Supplied records START

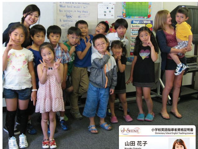
J-SHINEから与えられる資格証明書
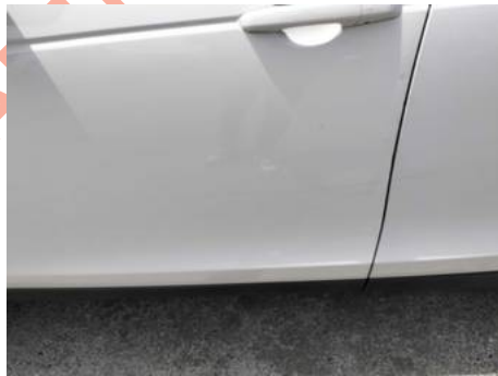
Porte avant gauche (Rayure)
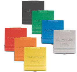
Module MS-K Plus 1/8 Cat.6A, afgeschermd, met stofluikje
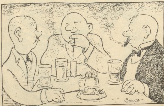
Ein Ausländer: Liebe Eidgenosse, ihr seid z'beneide, ihr habt 's reinst Paradiesle!
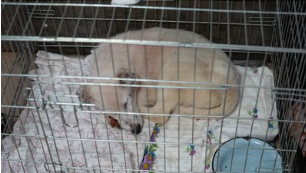
Спенсер. Суспільне Дніпро

"Спершу дуже боявся, але ми потрошку адаптуємо його. Він уже не так боїться рук, але щелепа все ще болить, тому реакція може бути агресивна. Ми зрозуміли, що його отруїли щурячою отрутою. Коли знайшли, він тікав, стікаючи кров'ю. Ми ледь його врятували", — пояснила вона.
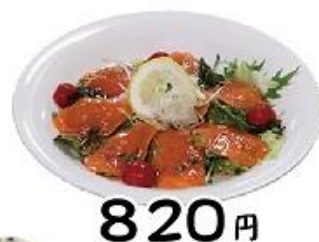
サーモンのカルパッチョ ウイシナー
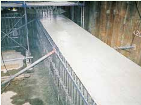
ボックスカルバート裏込め型枠
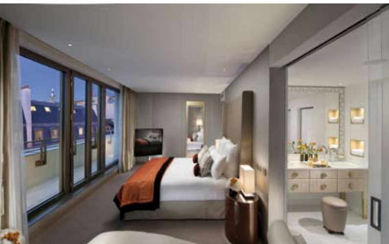
Dormitorio de la suite Couture en el Hotel Mandarin Oriental de París.

ción de acabados y detalles resistentes permite “minimizar el tiempo necesario de limpieza, reducir la necesidad de mantenimiento y maximizar la durabilidad del espacio”, agrega Navas. Está claro que resulta muy interesante considerar todos los aspectos que puedan ayudar a reducir el riesgo de desgaste de los baños.
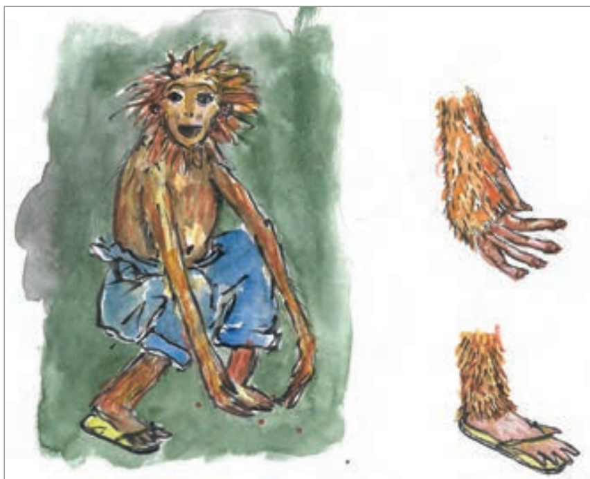
— Pour le costume de Joli-Cœur. © Colombe Lauriot-Prevost —
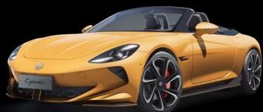
Žlutá Inca Metalický lak 25 000 Kč
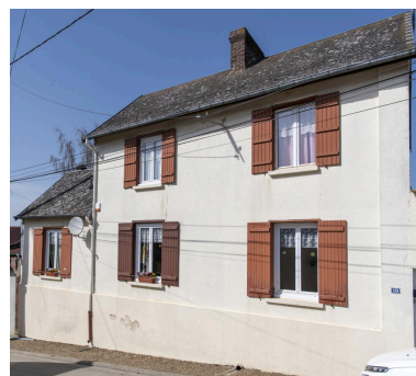
Ancien commerce (?) n°19 rue de Saint-Pierre, vue depuis le sud. IVR32_20216000132NUCA
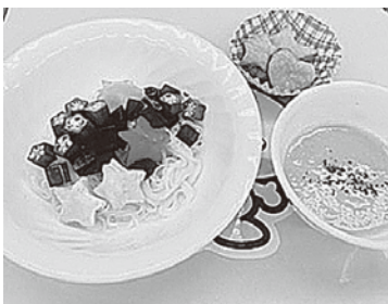
6月は「七塔」をイメージした献立です。(写真)

¥11組200円(親1人・子1人) 子ども2人目から1人につき100円 持 筆記用具・エプロン・三角巾・手拭きタオル・ふきん・お茶・スプーン・フォーク・お箸・上靴(親・子とも)、ランチョンマット(親のみ) 員 16組(申し込み順) 受付開始 6月3日(月) 申・問 健康増進課(保健福祉センター) ☎7360-2001

Supplied records END

__Work required__
Repeat the material above exactly, so that every entry appears but no picture does.

__Response to the exercise__
J-SHINEから与えられる資格証明書
Porte avant gauche (Rayure)
Module MS-K Plus 1/8 Cat.6A, afgeschermd, met stofluikje
Ein Ausländer: Liebe Eidgenosse, ihr seid z'beneide, ihr habt 's reinst Paradiesle!
Спенсер. Суспільне Дніпро

"Спершу дуже боявся, але ми потрошку адаптуємо його. Він уже не так боїться рук, але щелепа все ще болить, тому реакція може бути агресивна. Ми зрозуміли, що його отруїли щурячою отрутою. Коли знайшли, він тікав, стікаючи кров'ю. Ми ледь його врятували", — пояснила вона.
サーモンのカルパッチョ ウイシナー
ボックスカルバート裏込め型枠
Dormitorio de la suite Couture en el Hotel Mandarin Oriental de París.

ción de acabados y detalles resistentes permite “minimizar el tiempo necesario de limpieza, reducir la necesidad de mantenimiento y maximizar la durabilidad del espacio”, agrega Navas. Está claro que resulta muy interesante considerar todos los aspectos que puedan ayudar a reducir el riesgo de desgaste de los baños.
— Pour le costume de Joli-Cœur. © Colombe Lauriot-Prevost —
Žlutá Inca Metalický lak 25 000 Kč
Ancien commerce (?) n°19 rue de Saint-Pierre, vue depuis le sud. IVR32_20216000132NUCA
6月は「七塔」をイメージした献立です。(写真)

¥11組200円(親1人・子1人) 子ども2人目から1人につき100円 持 筆記用具・エプロン・三角巾・手拭きタオル・ふきん・お茶・スプーン・フォーク・お箸・上靴(親・子とも)、ランチョンマット(親のみ) 員 16組(申し込み順) 受付開始 6月3日(月) 申・問 健康増進課(保健福祉センター) ☎7360-2001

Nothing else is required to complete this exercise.